In Braindump, we apply only the first two.

Testing

Just as with any other software, LLM-based tools should also have automated tests. In addition to the general software engineering aspects regarding testing, we can add the following specific considerations:

  • The underlying model is expected to evolve over time. Though this typically means that the model gets better, it might also mean that prompts that worked well before stop working as well. Hence, it’s important to include tests to also guard against this expected behavioral change. In fact, as I write these lines, I’m wondering and fearing what the rumored upcoming GPT-4 model will do to my tutorial!
  • Different model outputs might be equally suitable as ground truth. In Braindump, for instance, it matters little if the model writes “buy” instead of “purchase” regarding a shopping list item. Hence, special matching operators can be used when writing tests, to make tests more resilient to such innocuous perturbations.

Testing technology for NLP systems is an area of growing interest and importance (for example, see Beyond Accuracy: Behavioral Testing of NLP Models with CheckList). Here in Braindump we keep it very simple, but it surely could be made more sophisticated. Perhaps you can develop your own ideas in this regard! You can examine the example tests in the /tests/ folder and use those as the starting point for more complex techniques.

The user interface

As mentioned earlier, we’ll employ Streamlit to build the UI. While Streamlit is neither very flexible nor the most exquisite, it is very easy and quick to use. In a POC, the objective is to get something usable as quickly as possible, and that’s what Streamlit and similar frameworks (such as Gradio) are designed for.

A Streamlit app is just a simple Python file that renders elements mostly in the order in which they appear in the program. Therefore, it is very easy to understand and get started. I will not cover the details here, but you can review the /src/app.py file. Instead, let us look at a simple snippet of app.py:

# A snipped from app.py, "(...)" comments denote omitted segments. 

import streamlit as st
# (...)
def app():
# (...)
# Setup the engine
@st.cache(allow_output_mutation=True)
def create_engine():
return BraindumpEngine(default_categories=default_categories)
engine = create_engine()

st.title("Braindump")
st.write("A simple app to dump your facts, reminders,
purchases needs, prices, notes, etc., into a database
and query them later.")

# (...)

df_results = engine.query(query,
categories=categories_filter,
entry_types=entry_types_filter,
people=people_filter)
# (...)

if __name__ == '__main__':
app()

In this script, we see that:

  • All the application UI is built inside the app() function, which is called as the entry point for the file. Every interaction of the user causes this function to be called again, re-rendering the UI with the latest changes. Though not very flexible, this is simple, quick, and easy to understand.
  • The engine is instantiated and preserved in a cache, so that it does not get recreated at each page rendering.
  • To write UI elements, like title and text, we have special methods from Streamlit, such as st.title() and st.write(). There’s good online documentation regarding these.
  • The engine methods are called to support user tasks, such as engine.query().

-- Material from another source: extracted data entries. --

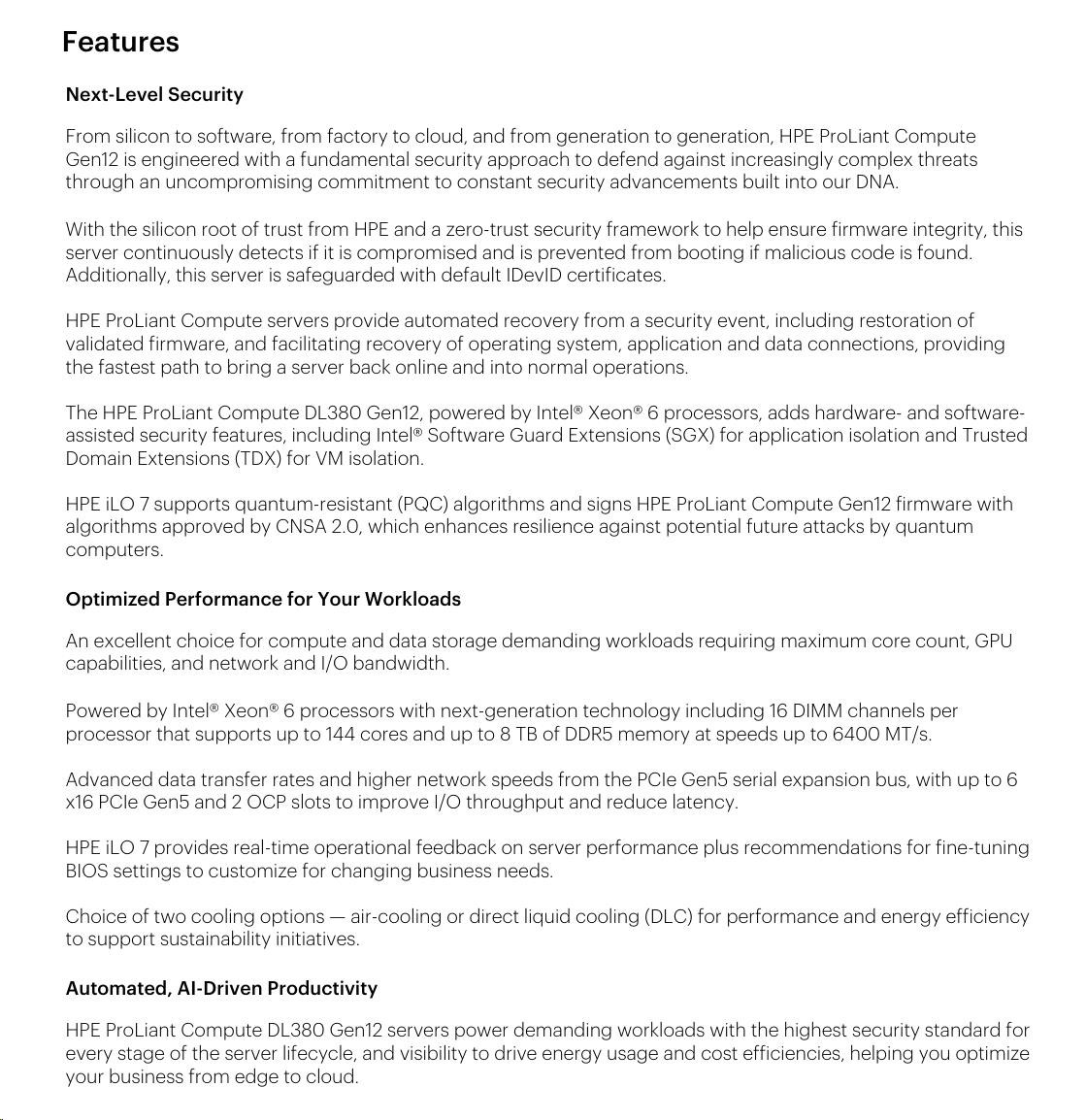 HPE PL DL380g12 6517P (3.2-4.2G/16C) 4x32G (P69727) 8SFF NS204i-uv2 MR408i-o 2x1000W 2p10T NBD333 Smart Choice
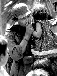 guerrillera sandinista con su hijo, cuando las tropas
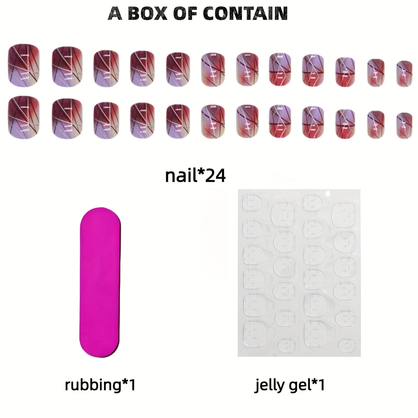 - Ready-to-Wear with Ease: The set includes everything you need: a small nail file and strong jelly glue, for smooth application and long-lasting hold without hassle or the need for any additional tools.
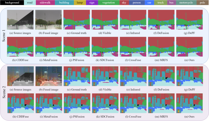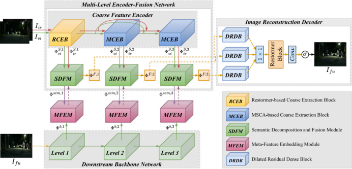 该论文围绕可见光与红外图像融合这一研究领域展开,提出了一种基于场景语义分解的可见光和红外图像融合新方法SSDFusion。采用多级编码器-融合网络,通过创新的场景语义分解和融合策略,分别提取和融合场景相关和语义相关的组件,并将融合的语义注入场景特征中,既丰富了融合特征中的上下文信息,又保持了融合图像的保真度。研究还引入元特征嵌入技术,将编码器-融合网络与下游应用网络连接起来,显著提升了网络在语义提取、融合效果优化以及语义分割等任务上的性能。
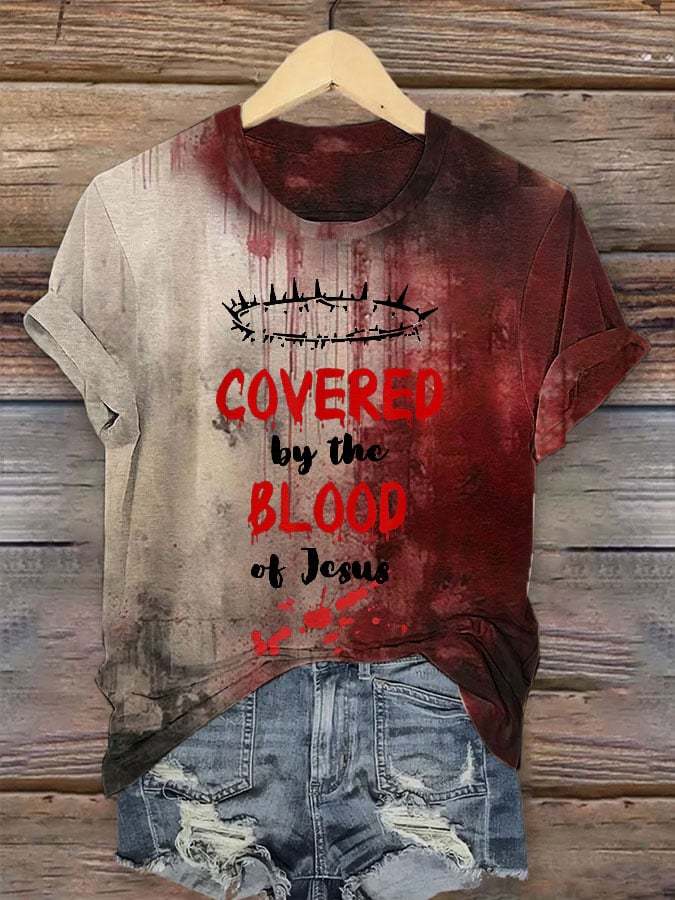Women Covered By The Blood of Jesus Bloody Print T-shirt
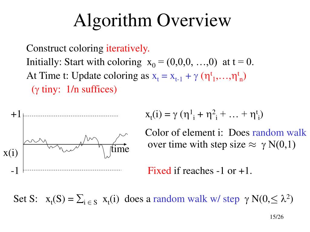 +1 time -1 Algorithm Overview Construct coloring iteratively. Initially: Start with coloring x0 = (0,0,0, …,0) at t = 0. At Time t: Update coloring as xt = xt-1 + (t1,…,tn) ( tiny: 1/n suffices) xt(i) = (1i + 2i + … + ti) Color of element i: Does random walk over time with step size ¼ N(0,1) x(i) Fixed if reaches -1 or +1. Set S: xt(S) = i 2 S xt(i) does a random walk w/ step N(0,·2)
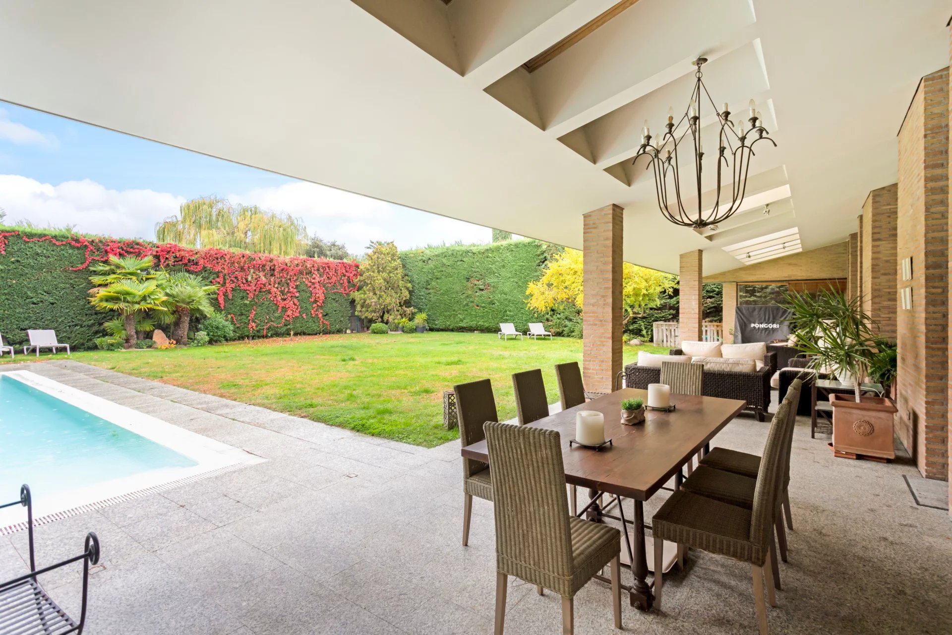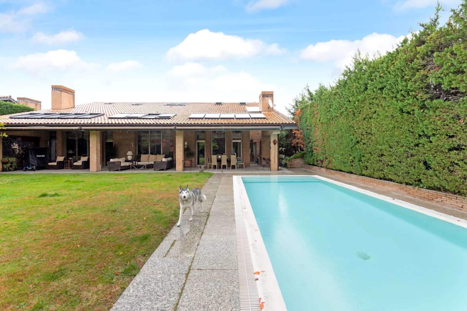 Die Immobilie ist innen und außen mit Holz verkleidet, verfügt über eine individuelle Erdgasheizung, eine Klimaanlage, eine Alarmanlage und einen spektakulären privaten Swimmingpool. Die Urbanisation bietet außerdem eine große zentrale Wiese mit Seen und üppiger Vegetation, die die Umgebung in eine wahre Oase der Ruhe und Exklusivität verwandelt.
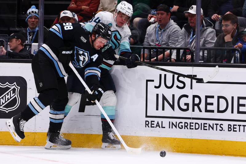 Utah Mammoth defenseman Mikhail Sergachev (98) hits Seattle Kraken right wing Kaapo Kakko (84) into the boards during NHL game at the Delta Center in Salt Lake City on Saturday, Jan. 17, 2026. | Rio Giancarlo, Deseret News

The rest of the script contains some decision logic, as well as other UI-related and engine calls. It provides the means by which the user can:

  • Add new facts through a simple input text field.
  • Optionally, check how the fact is interpreted by GPT-3 before committing it to the database.
  • Search for stored facts, using keywords and filters (for Category, Type, and People).
  • Specify various technical parameters related to GPT-3 itself (e.g., the API key and the temperature parameter).

In the end, we get a Web application that looks like this in the Search facts tab:

In the Add facts tab, we get the following:

Notice that in this example we asked the application to display the interpretation of the user input so that the user can manually inspect it and decide whether to keep or not the interpretation (important elements for this are highlighted). As we mentioned before, this is one simple approach to deal with the inherent uncertainty of the current generation of LLM models.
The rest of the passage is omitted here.